Perez pushes ‘Infinite Bernabéu’ VR platform for Real Madrid’s1bn fans on this planet – Inside World Football
Real Madrid is reimagining what it means to attend a match, even if you’re thousands of miles from the Santiago Bernabéu. The club is developing a virtual reality platform dubbed “Infinite Bernabéu,” a project championed by club president Florentino Pérez that aims to place supporters inside the stadium environment from anywhere on the globe.
A stadium without borders
The vision is straightforward but sweeping: turn matchday into a fully immersive, at-home experience that replicates the vantage points, atmosphere, and emotion of being in the stands. The initiative targets Real Madrid’s vast global community—often described in the billions—by removing geographic and logistical barriers that typically prevent fans from feeling part of the live spectacle.
How the experience is being built
To capture the intensity and nuance of elite football, the club has deployed more than 30 specialized cameras to record matches from a wide array of positions. A recent UEFA Champions League fixture against Juventus served as a test bed, with cameras placed throughout the stadium: player tunnel, pitchside, press gantries, and media areas.

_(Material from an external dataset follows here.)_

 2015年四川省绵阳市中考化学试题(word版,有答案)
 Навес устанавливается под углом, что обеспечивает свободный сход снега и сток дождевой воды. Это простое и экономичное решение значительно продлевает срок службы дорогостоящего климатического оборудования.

The goal is comprehensive coverage that can be reconstructed in VR with high fidelity.
The resulting footage will anchor a premium immersive experience planned for Apple’s Vision Pro headset in the coming year. Rather than a simple highlight reel, the content is being crafted to convey presence—how it looks, sounds, and feels to move through the Bernabéu on a big European night.
Tech at the heart of the new Bernabéu
The initiative dovetails with the stadium’s broader transformation, where technology is as central as concrete and steel. From advanced broadcast infrastructure to new digital touchpoints, the redeveloped Bernabéu has been designed to serve as a live entertainment engine. Infinite Bernabéu is an extension of that philosophy: a platform where live football and cutting-edge XR intersect.
What fans can expect
- Multiple perspectives that simulate moving through the stadium—tunnel, touchline, stands, and media zones.

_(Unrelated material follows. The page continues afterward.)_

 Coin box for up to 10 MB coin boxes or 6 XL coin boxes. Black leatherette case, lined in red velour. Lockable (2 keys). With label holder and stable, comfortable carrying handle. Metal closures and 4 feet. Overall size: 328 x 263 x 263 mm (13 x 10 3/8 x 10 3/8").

- Spatial audio and high-resolution visuals aimed at capturing the scale and energy of a packed Bernabéu.
- Potential for interactive elements such as angle switching, replays, and layered match context.
While the project can unlock new revenue streams, the stated priority is fan access: giving supporters, wherever they live, the kind of matchday presence that used to be impossible without a ticket and a plane ride.
Pérez’s long-term play
At 78, Pérez continues to push the club into new territory, framing Infinite Bernabéu as the culmination of years of planning to make the stadium “feel open to everyone.” In his view, VR is the logical next step in how supporters experience football: intimate, immersive, and free from physical constraints.
Why this matters beyond Madrid
If successful, the platform could set a template for how top clubs engage their worldwide fanbases. Modern supporters demand access and interactivity; Infinite Bernabéu speaks to both. For the sport at large, it signals a shift from passive viewing to immersive participation—turning matchdays into events fans can inhabit, not just watch.
The bigger picture
For Real Madrid, the bet is that presence drives connection, and connection drives lifelong fandom. Whether you’re in the stadium or in your living room, the mission is the same: make every match feel like a seat at the Bernabéu. If Infinite Bernabéu delivers on that promise, it could redefine not just Madrid’s matchday, but the expectations of global football audiences everywhere.